Alexander Goldenweiser (anthropologist)

Alexander Alexandrovich gold Weiser (Russian Александр Александрович Гольденвейзер; born January 29, 1880 in Kiev, † July 6, 1940 in Portland, Oregon) was a native of Ukraine, American anthropologist and sociologist.

Life

Alexander Gold Weiser was the son of the lawyer Alexander Solomonovich Gold Weiser ( 1855-1915 ). His brothers were the economist Emmanuil Alexandrovich gold Weiser, in the U.S. as Emanuel A. Gold Weiser (1883-1953) is known, and the lawyer Alexei Alexandrovich gold Weiser ( 1890-1979 ).

After the emigration of the family to the United States in 1900 Alexander Gold Weiser studied the anthropology of Franz Boas at Columbia University. Gold Weiser earned his AB in 1902, his MA in 1904, and in 1910 he received his doctorate in Boaz to the PhD with a dissertation on totemism (published in the Journal of American Folk -Lore ).

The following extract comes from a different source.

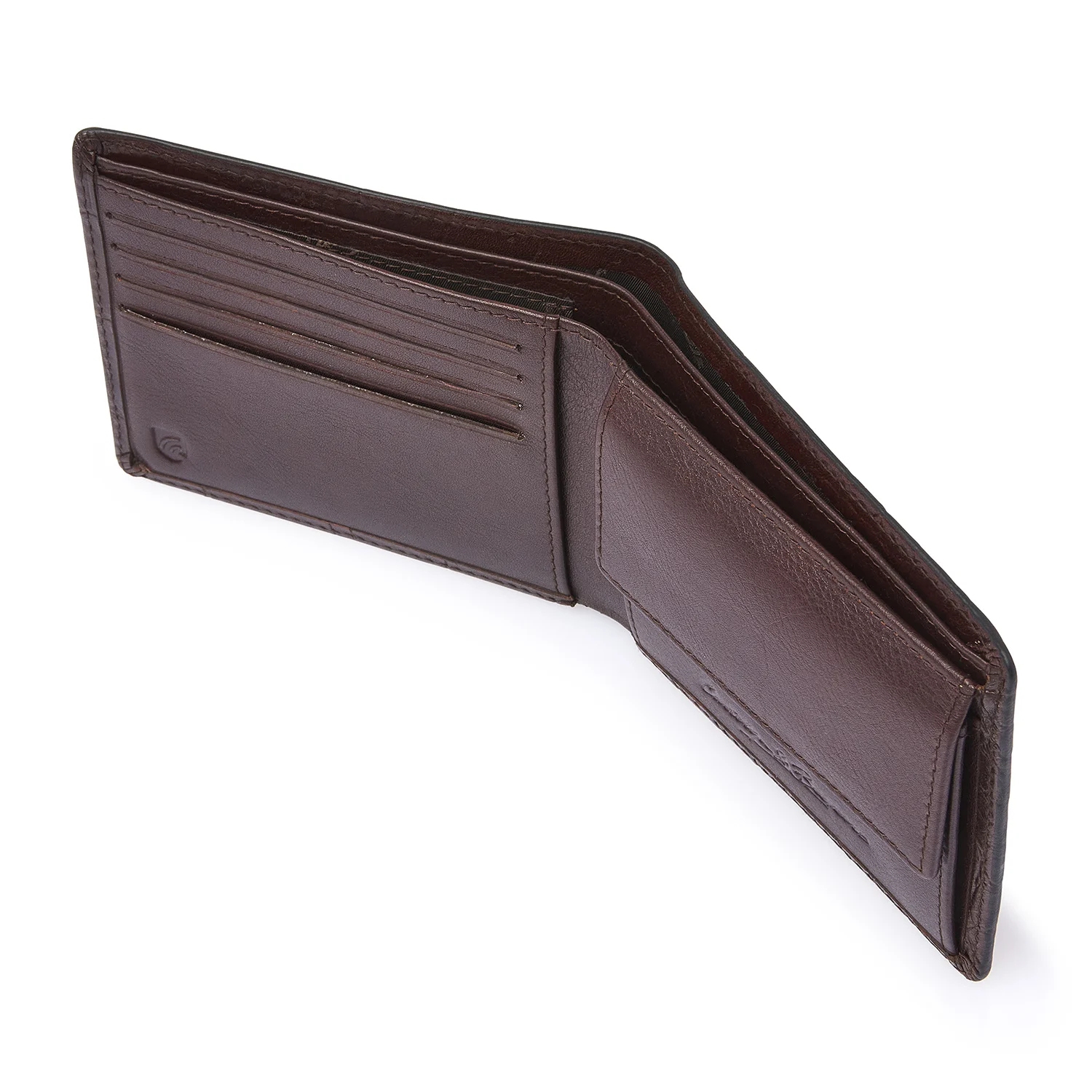 Stijlvolle leren RFID billfold in een handzaam formaat, met vakken voor papiergeld en een vakje voor muntgeld.
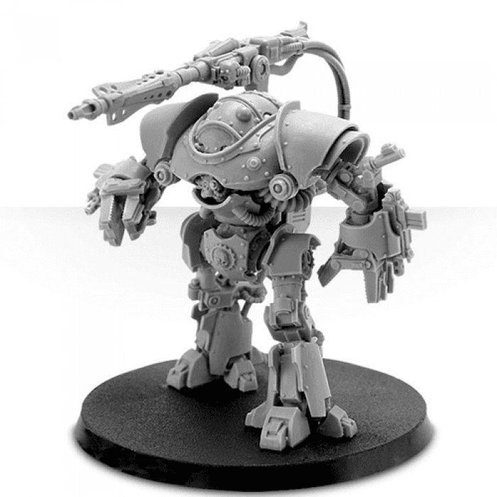 Warhammer 40K Forgeworld Mechanicum Castellax Battle-Automata with Darkfire Cannon - Three times the height of a man and formidably powerful, the Castellax class Battle-automata is a mainstay of the Legio Cybernetica and many Mechanicum armies. Capable of wielding an array of armaments, in addition to its powerful close combat weapons and boltguns, it can also be equipped with heavier and exotic ranged weaponry. In battle, the Castellax is animated by an aggressive machine spirit, its armoured endoskeleton making it near impervious during its assault. It is at its most deadly, however, when paired with the arcane and lethal darkfire cannon. Unleashing screaming beams of pure darkness, armour, flesh and stone boil away with their touch, and even the most heavily armoured vehicles can be torn apart by their hellish un-light. The Castellax Battle-automata with Darkfire Cannon can be taken as part of a Mechanicum or Legiones Astartes army in Horus Heresy games. Its rules can be found in both The Horus Heresy Book 2 – Massacre and The Horus Heresy Book 3 – Extermination. The Mechanicum Castellax Battle-automata with Darkfire Cannon is a complete multi-part resin kit and includes a choice of bolters or flamers as secondary weapons.

After receiving his doctorate taught gold Weiser to 1919 at Columbia University. After that, he worked at, which was founded in 1919, New School for Social Research as a lecturer. Among his colleagues were John Dewey, James Harvey Robinson, and Thorstein Veblen. 1926 ended the lectureship, and gold Weiser was co-editor of the Encyclopedia of the Social Sciences.

From 1915 to 1929 taught gold Weiser also at the edge School for Social Science. This school had the Socialist Party of America in 1906. In 1923 he accepted a professorship at the University of Washington, and from 1930 to 1938 he taught at the University of Oregon in Eugene. Gold has held visiting professorships Weiser 1937 to 1938 at the University of Wisconsin and in the time from 1933 to 1939 at Reed College.

Position

In his questions Alexander Gold Wieser included on the anthropology, the insights of psychology and psychoanalysis in addition, so special in the works for cultural diffusion. Theoretical aspects he could from his field studies gain among the Iroquois. In total, he spent ten months in the years 1911-1913 in the Grand River Reserve in Ontario. Here he was concerned with symbolic and mystical relationship with the totemism. Gold Weiser realized that the structures of primitive peoples ( nonliterate people) not fundamentally different from the life-world of modern humans.

Publications

  • Totemism. An analytical Study. In: Journal of American Folk -Lore, Volume 23, Boston 1910, pp. 179-293.
  • Early Civilization. An Introduction to Anthropology. Knopf, New York 1922. ( Digitized )
  • The Social Sciences and Their Interrelations. With William Fielding Ogburn. Houghton Mifflin, Boston, 1927.
  • History. Psychology and Culture. Knopf, New York 1933.
  • Anthropology. An Introduction to Primitive Culture. Appleton - Century- Crofts, New York 1937.